- Records provided
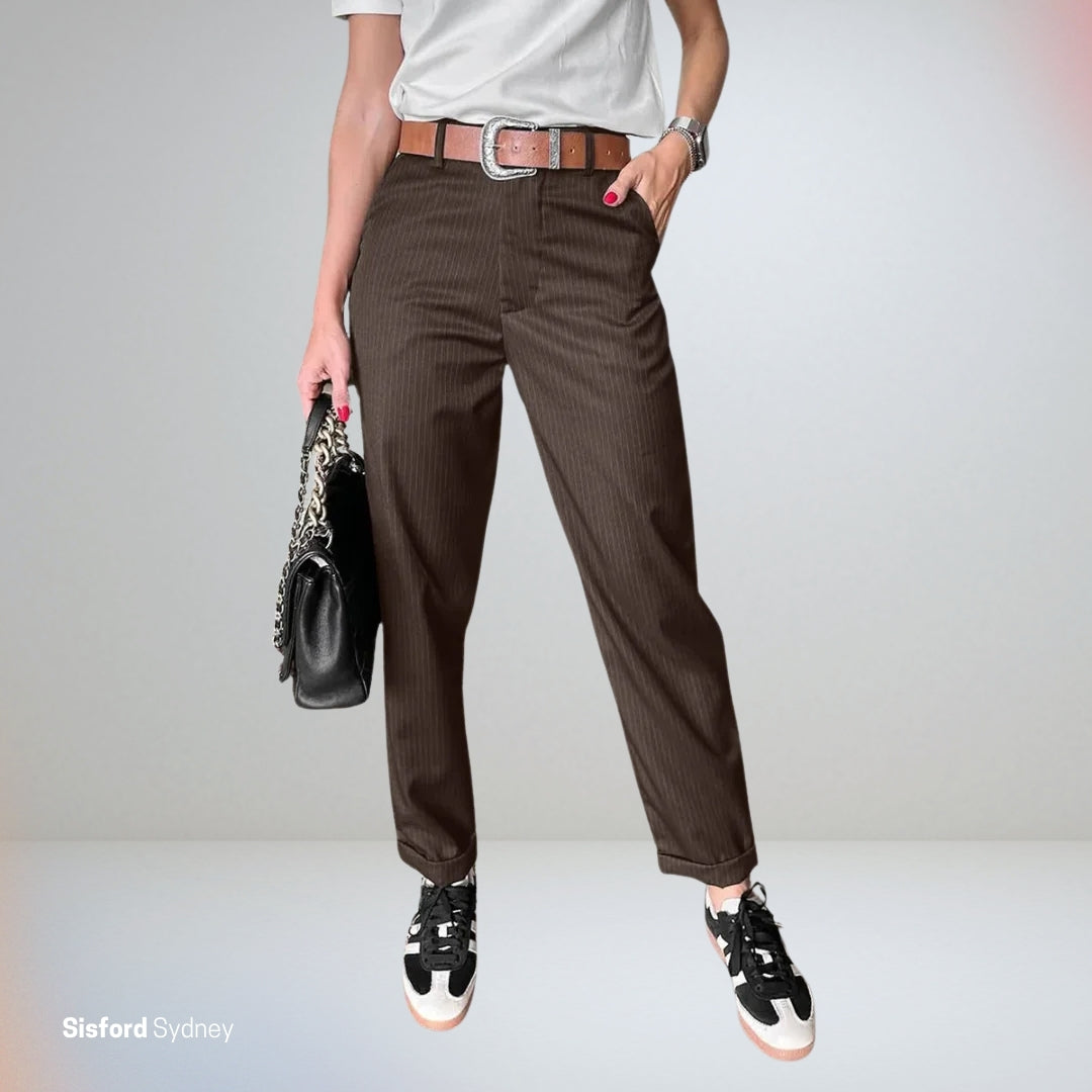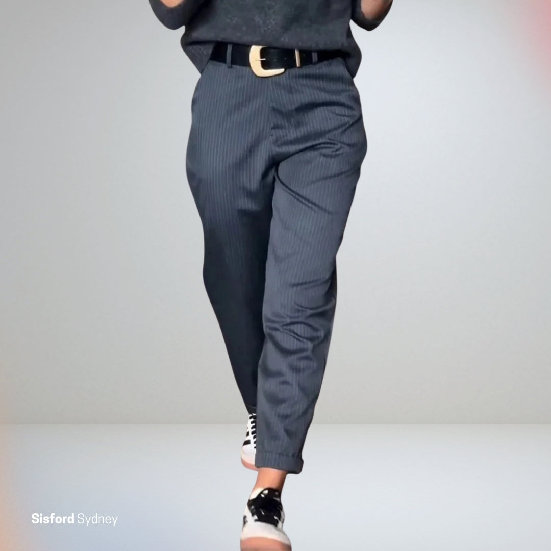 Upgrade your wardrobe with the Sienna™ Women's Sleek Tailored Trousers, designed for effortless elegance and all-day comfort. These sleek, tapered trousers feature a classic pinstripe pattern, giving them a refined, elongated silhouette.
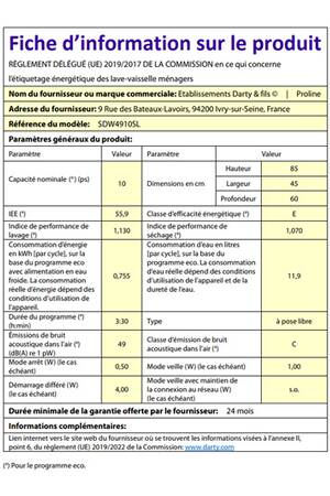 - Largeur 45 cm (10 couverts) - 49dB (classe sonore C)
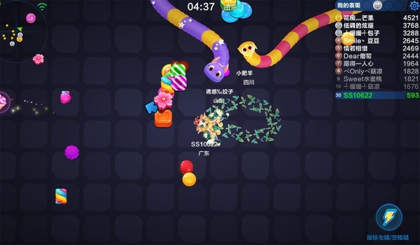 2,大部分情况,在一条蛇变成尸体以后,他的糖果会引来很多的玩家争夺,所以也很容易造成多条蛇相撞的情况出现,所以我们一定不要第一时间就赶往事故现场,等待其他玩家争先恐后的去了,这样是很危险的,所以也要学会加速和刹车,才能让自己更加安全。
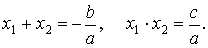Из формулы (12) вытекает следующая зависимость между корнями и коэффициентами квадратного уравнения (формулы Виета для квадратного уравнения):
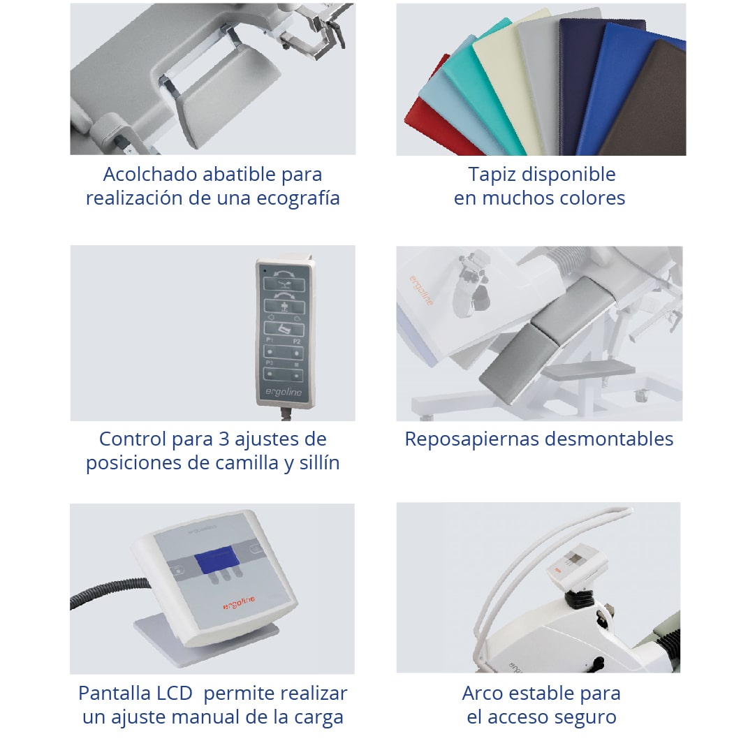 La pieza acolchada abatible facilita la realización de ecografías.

- Task to carry out
Everything in the listing should be copied exactly, apart from the images it holds.

- Result below
 Upgrade your wardrobe with the Sienna™ Women's Sleek Tailored Trousers, designed for effortless elegance and all-day comfort. These sleek, tapered trousers feature a classic pinstripe pattern, giving them a refined, elongated silhouette.
 - Largeur 45 cm (10 couverts) - 49dB (classe sonore C)
 2,大部分情况,在一条蛇变成尸体以后,他的糖果会引来很多的玩家争夺,所以也很容易造成多条蛇相撞的情况出现,所以我们一定不要第一时间就赶往事故现场,等待其他玩家争先恐后的去了,这样是很危险的,所以也要学会加速和刹车,才能让自己更加安全。
Из формулы (12) вытекает следующая зависимость между корнями и коэффициентами квадратного уравнения (формулы Виета для квадратного уравнения):
 La pieza acolchada abatible facilita la realización de ecografías.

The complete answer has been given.